» **DIRECTIONS FOR THIS TASK**:
Where an entry contains an image, leave the image out; restate everything else exactly.
── MATERIAL FOR THE TASK ──
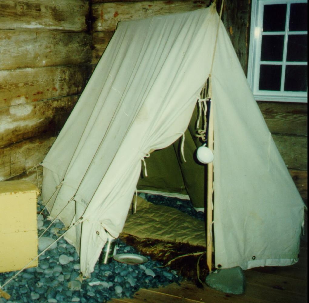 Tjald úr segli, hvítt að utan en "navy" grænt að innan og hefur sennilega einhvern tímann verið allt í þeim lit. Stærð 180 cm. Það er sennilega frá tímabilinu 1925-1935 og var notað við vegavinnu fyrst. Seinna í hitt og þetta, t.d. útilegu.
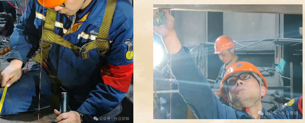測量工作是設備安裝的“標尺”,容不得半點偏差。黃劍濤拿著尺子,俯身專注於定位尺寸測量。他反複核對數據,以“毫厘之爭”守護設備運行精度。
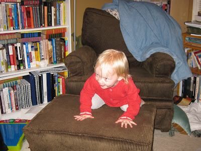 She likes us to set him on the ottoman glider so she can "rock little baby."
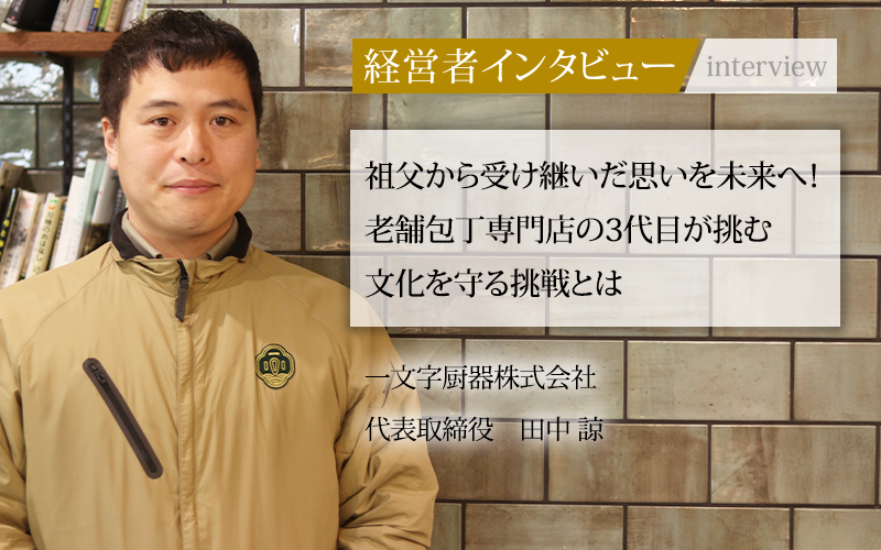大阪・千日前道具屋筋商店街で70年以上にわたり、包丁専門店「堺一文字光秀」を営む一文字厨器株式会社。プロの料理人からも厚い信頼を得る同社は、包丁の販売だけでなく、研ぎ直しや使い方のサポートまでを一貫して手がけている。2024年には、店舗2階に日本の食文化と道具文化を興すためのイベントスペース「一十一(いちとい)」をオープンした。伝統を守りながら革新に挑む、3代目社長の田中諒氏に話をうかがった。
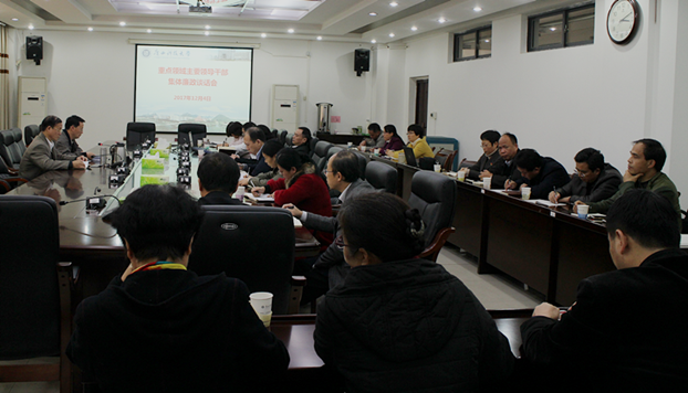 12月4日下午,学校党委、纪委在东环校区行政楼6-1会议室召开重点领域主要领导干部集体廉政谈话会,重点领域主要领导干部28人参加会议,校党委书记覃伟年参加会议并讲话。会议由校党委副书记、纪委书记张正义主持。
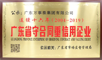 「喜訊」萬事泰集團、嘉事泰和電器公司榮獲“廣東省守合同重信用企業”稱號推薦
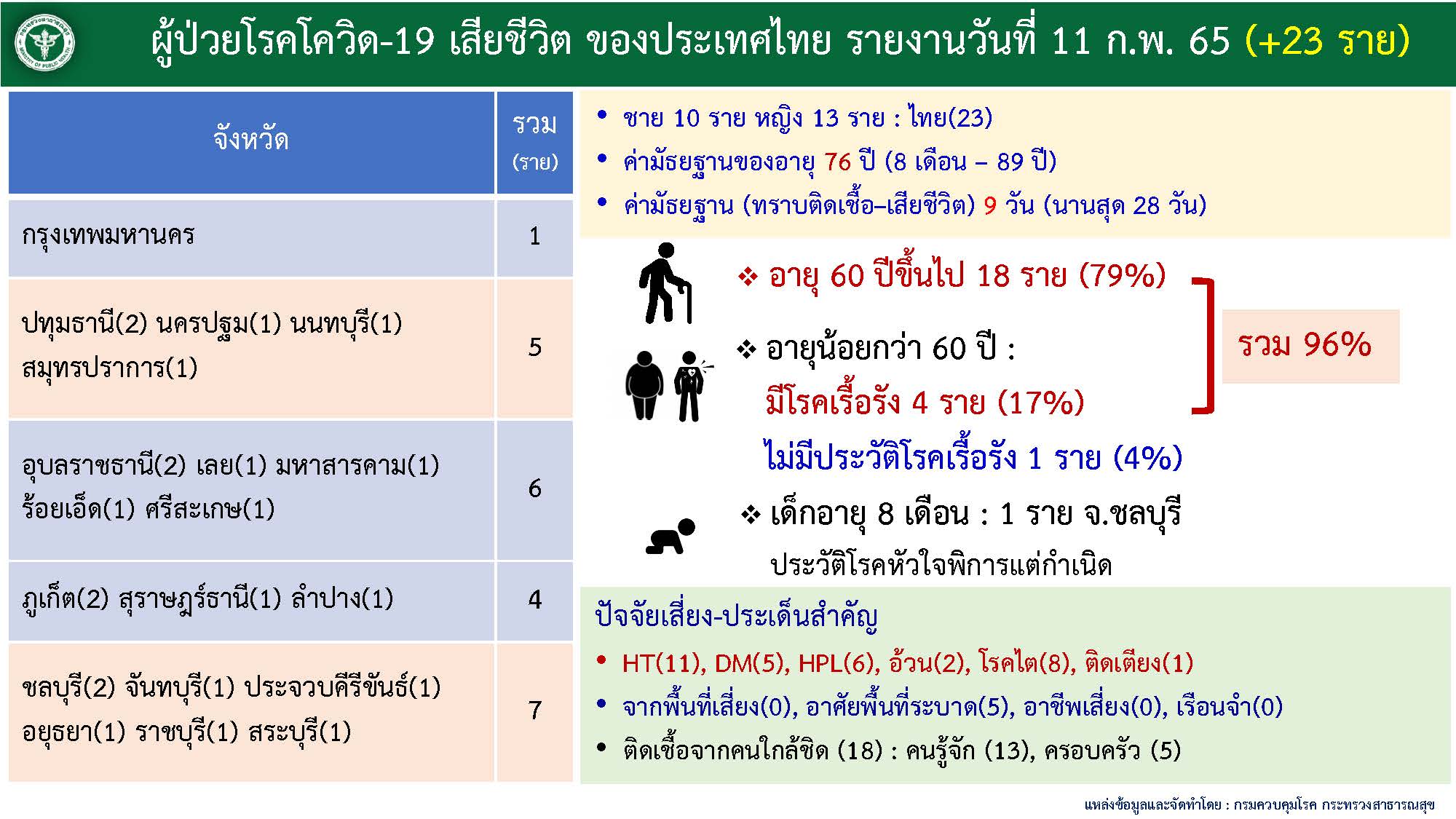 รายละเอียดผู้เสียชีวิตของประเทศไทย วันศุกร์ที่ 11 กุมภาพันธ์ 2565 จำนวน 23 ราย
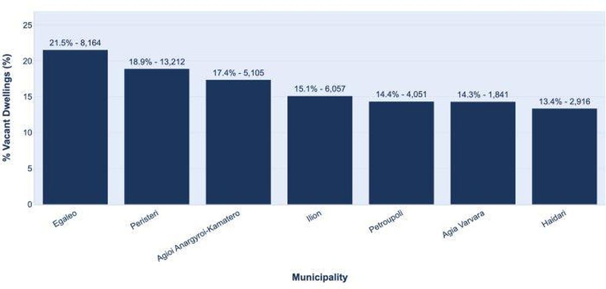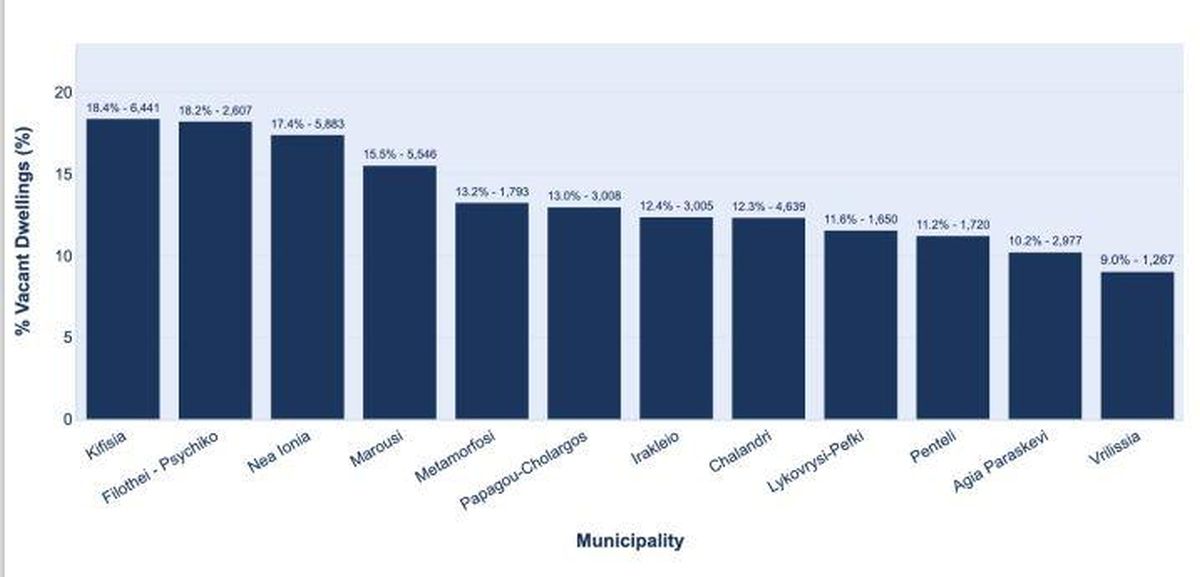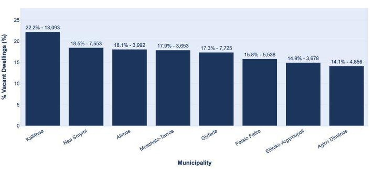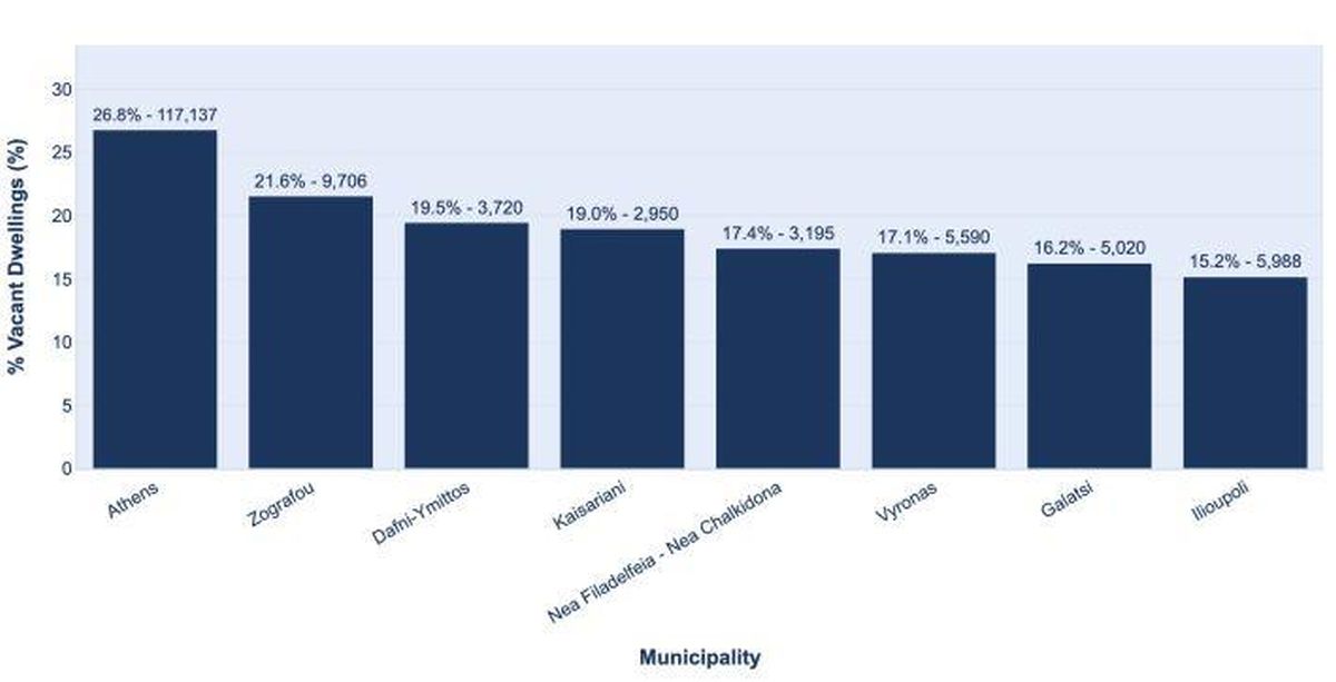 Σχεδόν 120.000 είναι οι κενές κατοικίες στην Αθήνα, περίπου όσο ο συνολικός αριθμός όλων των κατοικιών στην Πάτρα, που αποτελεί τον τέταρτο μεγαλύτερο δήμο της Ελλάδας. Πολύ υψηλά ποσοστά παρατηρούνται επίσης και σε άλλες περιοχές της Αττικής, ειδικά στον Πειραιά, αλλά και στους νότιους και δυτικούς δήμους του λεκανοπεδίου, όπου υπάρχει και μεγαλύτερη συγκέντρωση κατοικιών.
───
» **THE COMPLETED TASK**:
 Tjald úr segli, hvítt að utan en "navy" grænt að innan og hefur sennilega einhvern tímann verið allt í þeim lit. Stærð 180 cm. Það er sennilega frá tímabilinu 1925-1935 og var notað við vegavinnu fyrst. Seinna í hitt og þetta, t.d. útilegu.
測量工作是設備安裝的“標尺”,容不得半點偏差。黃劍濤拿著尺子,俯身專注於定位尺寸測量。他反複核對數據,以“毫厘之爭”守護設備運行精度。
 She likes us to set him on the ottoman glider so she can "rock little baby."
大阪・千日前道具屋筋商店街で70年以上にわたり、包丁専門店「堺一文字光秀」を営む一文字厨器株式会社。プロの料理人からも厚い信頼を得る同社は、包丁の販売だけでなく、研ぎ直しや使い方のサポートまでを一貫して手がけている。2024年には、店舗2階に日本の食文化と道具文化を興すためのイベントスペース「一十一(いちとい)」をオープンした。伝統を守りながら革新に挑む、3代目社長の田中諒氏に話をうかがった。
 12月4日下午,学校党委、纪委在东环校区行政楼6-1会议室召开重点领域主要领导干部集体廉政谈话会,重点领域主要领导干部28人参加会议,校党委书记覃伟年参加会议并讲话。会议由校党委副书记、纪委书记张正义主持。
 「喜訊」萬事泰集團、嘉事泰和電器公司榮獲“廣東省守合同重信用企業”稱號推薦
 รายละเอียดผู้เสียชีวิตของประเทศไทย วันศุกร์ที่ 11 กุมภาพันธ์ 2565 จำนวน 23 ราย
 Σχεδόν 120.000 είναι οι κενές κατοικίες στην Αθήνα, περίπου όσο ο συνολικός αριθμός όλων των κατοικιών στην Πάτρα, που αποτελεί τον τέταρτο μεγαλύτερο δήμο της Ελλάδας. Πολύ υψηλά ποσοστά παρατηρούνται επίσης και σε άλλες περιοχές της Αττικής, ειδικά στον Πειραιά, αλλά και στους νότιους και δυτικούς δήμους του λεκανοπεδίου, όπου υπάρχει και μεγαλύτερη συγκέντρωση κατοικιών.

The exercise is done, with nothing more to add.